Chargaff's second parity rule for complementary bases (%A ≈ %T and %G ≈ %C), also extends to complementary dinucleotides, trinucleotides, etc. (Ohno 1991; Prabhu 1993; Forsdyke 1995a). In this context, bioinformaticists ponder "why are complementary DNA strands symmetric?" (Baisnee et al 2002, p. 1021). The rule may reflect the general potential of duplex DNA molecules to adopt stem-loop structures (Nussinov 1984), which may have arisen from a selective pressure to enhance recombination potential (Forsdyke 2001).

Although some stem-loop potential is often present in the purine-loaded, protein-encoding, regions of genes (i.e. exons), there can be a conflict between the need to both purine-load and protein-encode, and the need to encode stem-loops. Direct measurements of stem-loop potential show that this conflict is less in introns and intergenic DNA, so stem-loop potential is greater in these regions than in exons (Forsdyke 1995b, c). Accordingly, the second parity rule is violated much less in intronic and intergenic DNAs, and these follow Chargaff's second parity rule more closely than exons (Bultrini et al 2003). This is in keeping with evidence that introns are primarily adaptations for sustaining stem-loop potential, so enhancing recombination potential (Forsdyke 1995b; Barrette et al 2001).

In 1995 the questions were posed:

"Did evolutionary forces select for the Chargaff ratios in single DNA strands, with equality of complementary oligonucleotide frequencies being an automatic consequence? Alternatively, did evolutionary forces select for equality of complementary oligonucleotide frequencies, with the Chargaff ratios being an automatic consequence?"

(Forsdyke 1995a).

That a distinction might be derived from first principles was not then appreciated. Of course, if "Nature writes" a sequence with parity at the oligonucleotide level, then parity at the single base level is an automatic consequence. However, the converse does not apply (Fig. 2). If evolutionary forces cause a sequence to be "written" with parity at the level of single bases, then parity at the oligonucleotide level does not necessarily follow. Since biological sequences generally show parity at the oligonucleotide level, this suggests that they were initially "written" at that level.

(a)

(b)

(c)

(d)

(e)

(f)

Figure 2 A general method for showing that, if Chargaff's second parity rule applies for complementary mononucleotides (single bases), it does not always extend to complementary dinucleotides, and higher order complementary oligonucleotides, when they are arranged in a circular single strand sequence.
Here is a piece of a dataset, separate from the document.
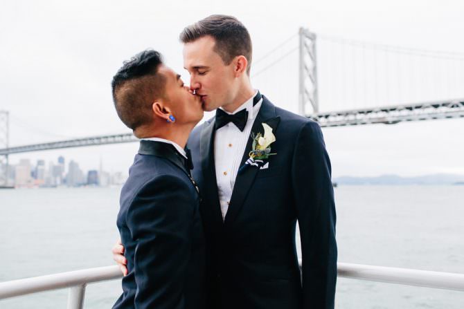 For their wedding inspiration, Tom and Mark retraced their steps from the night they got engaged, opting to exchange vows while sailing around San Francisco Bay. “We wanted something different, not a lot of people can say they got married on a yacht on San Francisco Bay,” explains Mark of their venue choice. “It took Tom and I another four years after our proposal to get married because we wanted to get married in our home state of California,” Mark continues. “And we finally did it after the overturn of Prop 8.”

For simplicity, first take just two bases, A and T, which pair with each other. Write out a sequence with eight As and eight Ts. Although this sequence (a) is for convenience written as a linear sequence, imagine it is circular with the last base (T) being connected to the first base (A). Does it obey Chargaff's second parity rule? Yes, there are 8 As and 8 Ts. Does the rule extend to complementary dinucleotides? Remembering that the sequence is circular, and that base pairs can overlap, score by writing dinucleotides below the sequence and then counting, as in (b). Note that AA = 7 and its complement TT = 7; AT = 1 and its complement AT = 1; TA = 1 and its complement TA = 1. The similar decomposition into trinucleotides (c) shows AAA = 6 and its complement TTT = 6; AAT = 1 and its complement ATT = 1; TTA = 1 and its complement TAA =1.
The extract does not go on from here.